Required work:
Omit all pictures, then repeat the listing exactly.

Supplied data:
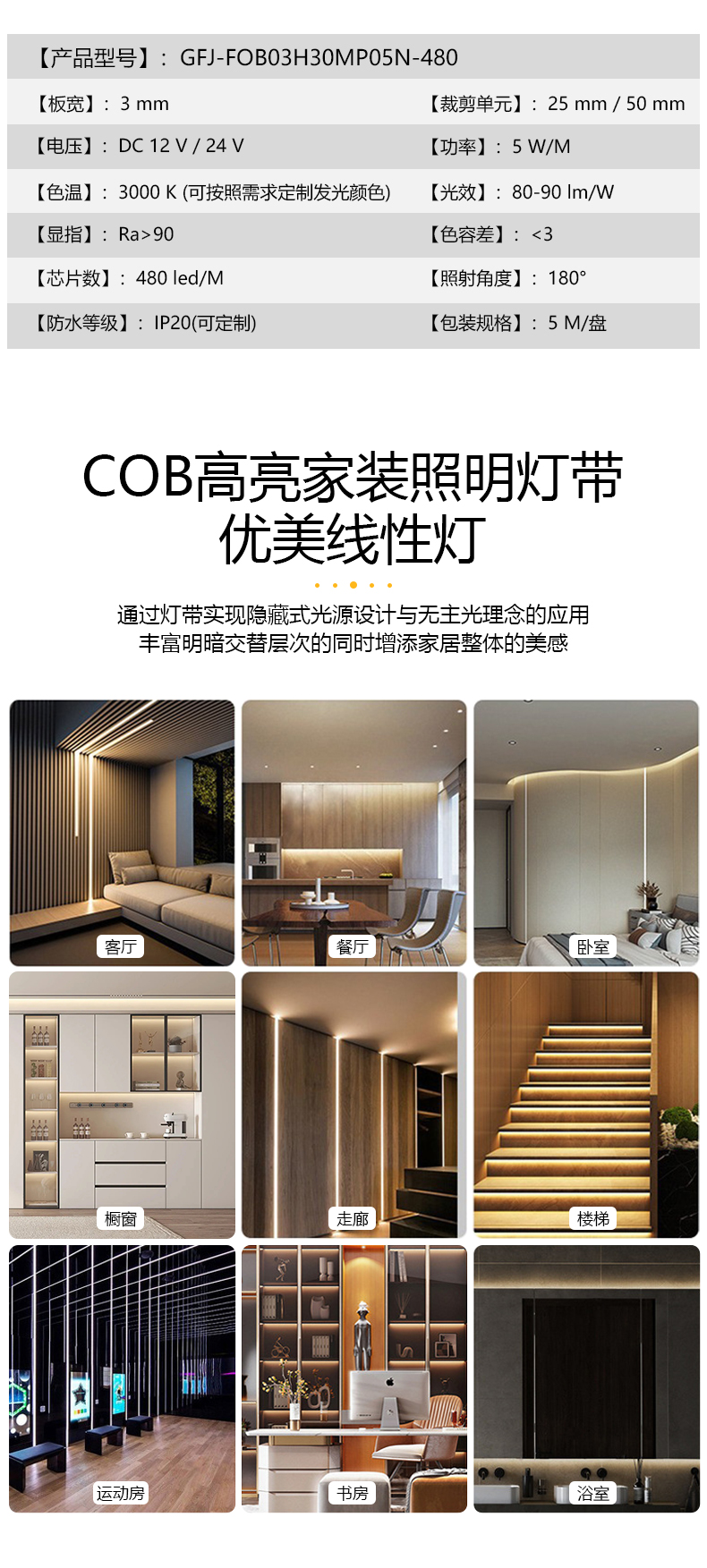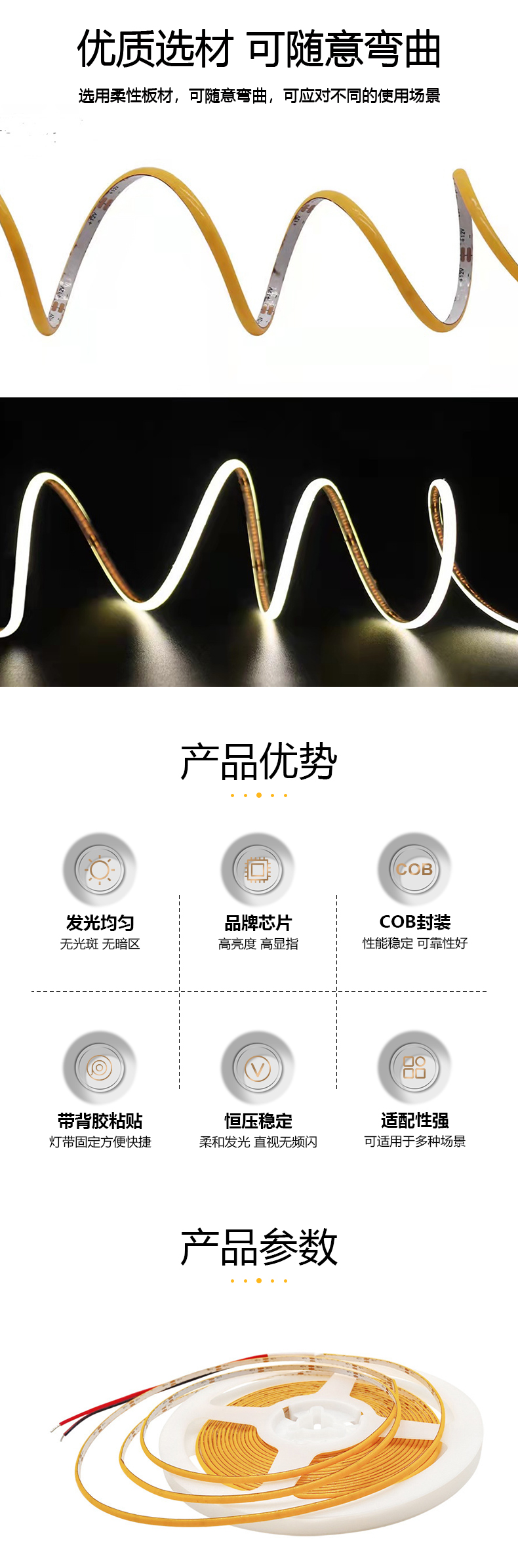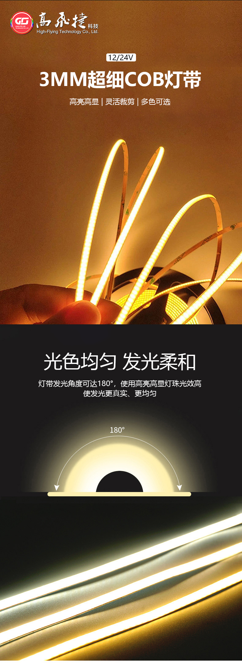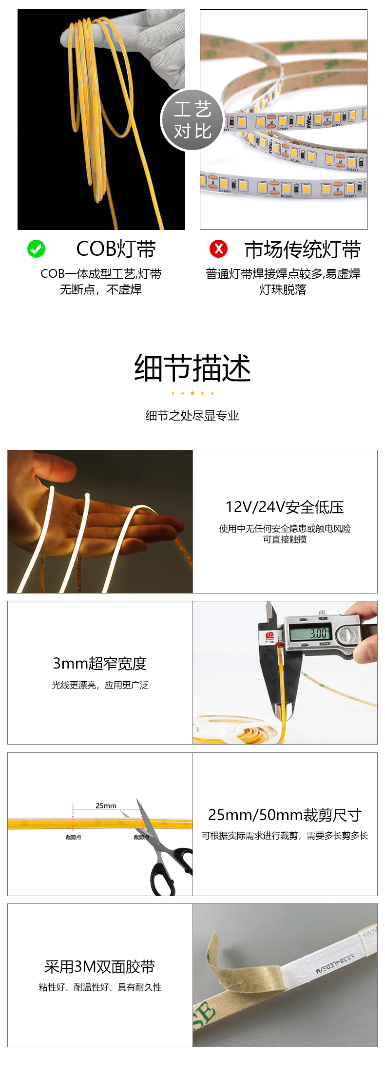 熱門標簽: 高亮度高顯指3mm超窄柔性COB燈帶3M自粘雙面膠低壓安全可直接觸摸
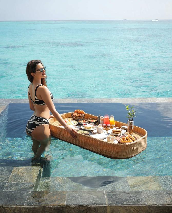 Amyra Dastur enjoys her floating breakfast in a black and white two-piece.
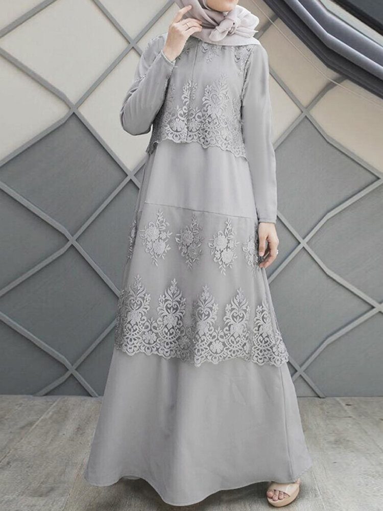 Blondesøm A-linje O-hals Ensfarget Langermet Muslimsk Kjole Abaya Kaftan For Kvinner

Result:
 熱門標簽: 高亮度高顯指3mm超窄柔性COB燈帶3M自粘雙面膠低壓安全可直接觸摸
 Amyra Dastur enjoys her floating breakfast in a black and white two-piece.
 Blondesøm A-linje O-hals Ensfarget Langermet Muslimsk Kjole Abaya Kaftan For Kvinner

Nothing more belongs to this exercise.